Aus arbeitsrechtlicher Sicht ist zunächst zu beachten, dass der eingesetzte Algorithmus keine diskriminierenden Elemente enthalten darf. So läge beispielsweise in der gezielten Auswertung der Big-Data-Datensätze nach Anzeichen für eine Schwangerschaft oder Schwerbehinderung durch den Algorithmus ein Verstoß gegen das Allgemeine Gleichbehandlungsgesetz. Ebenso setzt das arbeitsrechtliche Fragerecht des Arbeitgebers Grenzen für die Festlegung der Kriterien, nach denen der Algorithmus filtern soll: Auch künstliche Intelligenz darf im Bewerbungsverfahren nur so weit filtern und analysieren, wie dies im klassischen Bewerbungsverfahren zulässig ist. Eine „digitale Diskriminierung“ kann sonst Schadensersatzansprüche begründen.

Zudem ist aus arbeitsrechtlicher Sicht beim Einsatz von HR Big Data und künstlicher Intelligenz im Bewerbungsverfahren je nach Ausgestaltung der Prozesse der Betriebsrat (bzw.

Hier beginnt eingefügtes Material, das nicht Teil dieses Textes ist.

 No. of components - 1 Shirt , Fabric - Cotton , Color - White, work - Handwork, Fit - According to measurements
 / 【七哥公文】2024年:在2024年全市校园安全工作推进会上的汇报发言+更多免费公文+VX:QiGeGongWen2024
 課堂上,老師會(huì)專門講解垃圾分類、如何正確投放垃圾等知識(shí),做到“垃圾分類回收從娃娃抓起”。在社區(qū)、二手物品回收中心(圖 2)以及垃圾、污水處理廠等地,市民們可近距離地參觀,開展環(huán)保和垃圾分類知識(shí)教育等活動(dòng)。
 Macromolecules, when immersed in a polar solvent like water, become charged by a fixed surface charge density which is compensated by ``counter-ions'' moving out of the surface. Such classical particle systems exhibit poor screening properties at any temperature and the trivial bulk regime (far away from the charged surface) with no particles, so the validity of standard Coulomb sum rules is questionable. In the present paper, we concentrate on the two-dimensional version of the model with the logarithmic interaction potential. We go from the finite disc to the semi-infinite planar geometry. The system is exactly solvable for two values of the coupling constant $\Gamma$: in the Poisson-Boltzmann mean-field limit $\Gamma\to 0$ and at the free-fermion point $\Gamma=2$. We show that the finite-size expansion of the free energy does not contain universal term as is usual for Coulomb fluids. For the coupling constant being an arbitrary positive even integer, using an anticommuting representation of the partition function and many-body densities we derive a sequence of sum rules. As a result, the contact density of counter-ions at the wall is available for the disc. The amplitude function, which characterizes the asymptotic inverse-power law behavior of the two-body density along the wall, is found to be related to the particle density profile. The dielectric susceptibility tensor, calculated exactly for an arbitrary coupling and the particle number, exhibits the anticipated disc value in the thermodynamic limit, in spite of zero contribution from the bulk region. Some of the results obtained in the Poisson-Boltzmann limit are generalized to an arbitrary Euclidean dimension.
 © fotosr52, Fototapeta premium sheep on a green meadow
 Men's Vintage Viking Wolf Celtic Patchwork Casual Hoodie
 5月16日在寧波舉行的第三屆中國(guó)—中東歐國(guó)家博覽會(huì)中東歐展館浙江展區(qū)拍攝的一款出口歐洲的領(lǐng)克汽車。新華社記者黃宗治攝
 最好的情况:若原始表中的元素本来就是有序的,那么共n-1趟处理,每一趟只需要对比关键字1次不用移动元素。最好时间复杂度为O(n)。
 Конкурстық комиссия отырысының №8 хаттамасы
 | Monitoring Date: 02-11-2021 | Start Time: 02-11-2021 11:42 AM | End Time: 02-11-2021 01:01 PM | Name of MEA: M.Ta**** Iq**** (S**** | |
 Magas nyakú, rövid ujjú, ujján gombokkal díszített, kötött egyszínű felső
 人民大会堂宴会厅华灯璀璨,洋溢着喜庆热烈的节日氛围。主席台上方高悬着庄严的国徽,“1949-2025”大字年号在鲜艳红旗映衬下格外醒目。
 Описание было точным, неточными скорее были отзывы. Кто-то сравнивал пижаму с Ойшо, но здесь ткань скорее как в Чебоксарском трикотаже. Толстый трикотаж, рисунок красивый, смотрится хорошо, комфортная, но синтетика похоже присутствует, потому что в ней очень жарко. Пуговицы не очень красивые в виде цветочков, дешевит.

Gesamt- oder Konzernbetriebsrat) einzubinden, damit dieser seine Mitbestimmungsrechte ausüben kann. Bei HR Big Data und dem Einsatz künstlicher Intelligenz kommt es nämlich zur Einführung und/oder Anwendung technischer Einrichtungen, die dazu bestimmt sind, das Verhalten oder die Leistung der Arbeitnehmer zu überwachen. Zudem kann in der Zusammensetzung des Algorithmus ein Personalfragebogen oder eine Auswahlrichtlinie gesehen werden. Der Betriebsrat ist daher regelmäßig gem. §§ 87 Abs. 1 Nr. 6, 94 und 95 Betriebsverfassungsgesetz (BetrVG) zu beteiligen.